FuelCell Energy (FCEL)
We’re skeptical of FuelCell Energy. Its sales have recently flopped and its historical cash burn means it has few resources to reignite growth.― StockStory Analyst Team
1. News
2. Summary
Why We Think FuelCell Energy Will Underperform
Founded in 1969, FuelCell Energy (NASDAQ: FCEL) is a leading manufacturer and developer of carbonate fuel cell technology for stationary power generation.
- Negative 20.1% gross margin means it loses money on every sale and must pivot or scale quickly to survive
- Historical operating margin losses have deepened over the last five years as it prioritized growth over profits
- Limited cash reserves may force the company to seek unfavorable financing terms that could dilute shareholders
FuelCell Energy doesn’t meet our quality standards. We believe there are better businesses elsewhere.

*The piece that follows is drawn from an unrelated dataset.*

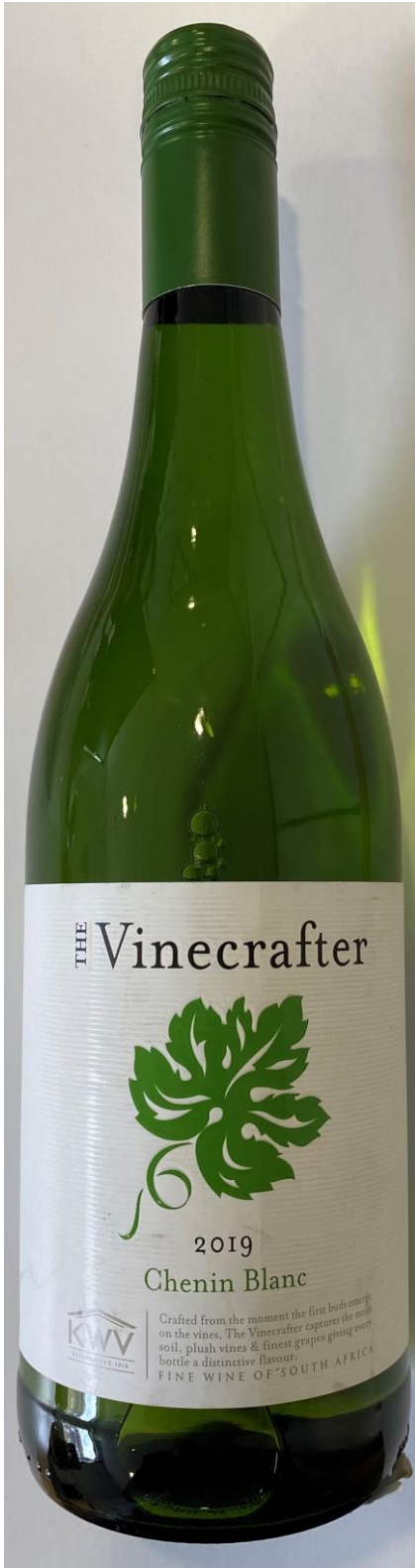
White Wine - Vinecrafter - Chenin Blanc (12.5%) – 75cl

Why There Are Better Opportunities Than FuelCell Energy
High Quality
Investable
Underperform
Why There Are Better Opportunities Than FuelCell Energy
At $6.07 per share, FuelCell Energy trades at 0.6x forward price-to-sales. The market typically values companies like FuelCell Energy based on their anticipated profits for the next 12 months, but it expects the business to lose money. We also think the upside isn’t great compared to the potential downside here - there are more exciting stocks to buy.

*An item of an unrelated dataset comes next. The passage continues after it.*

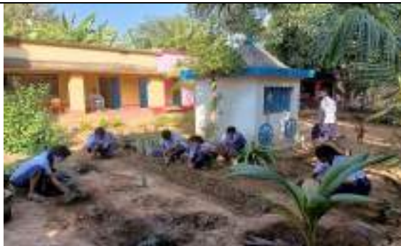
GOVT. HIGH SCHOOL, JAGANNATHPUR

It’s better to invest in high-quality businesses with strong long-term earnings potential rather than to buy lower-quality companies with open questions and big downside risks.
3. FuelCell Energy (FCEL) Research Report: Q1 CY2025 Update
Carbonate fuel cell technology developer FuelCell Energy (NASDAQ:FCEL) reported revenue ahead of Wall Street’s expectations in Q1 CY2025, with sales up 66.8% year on year to $37.41 million. Its GAAP loss of $1.79 per share was 25.5% below analysts’ consensus estimates.
FuelCell Energy (FCEL) Q1 CY2025 Highlights:
- Revenue: $37.41 million vs analyst estimates of $32.7 million (66.8% year-on-year growth, 14.4% beat)
- EPS (GAAP): -$1.79 vs analyst expectations of -$1.43 (25.5% miss)
- Adjusted EBITDA: -$19.31 million vs analyst estimates of -$16.14 million (-51.6% margin, 19.7% miss)
- Operating Margin: -95.7%, up from -184% in the same quarter last year
- Backlog: $1.26 billion at quarter end, up 18.7% year on year
- Market Capitalization: $118 million
Company Overview
Founded in 1969, FuelCell Energy (NASDAQ: FCEL) is a leading manufacturer and developer of carbonate fuel cell technology for stationary power generation.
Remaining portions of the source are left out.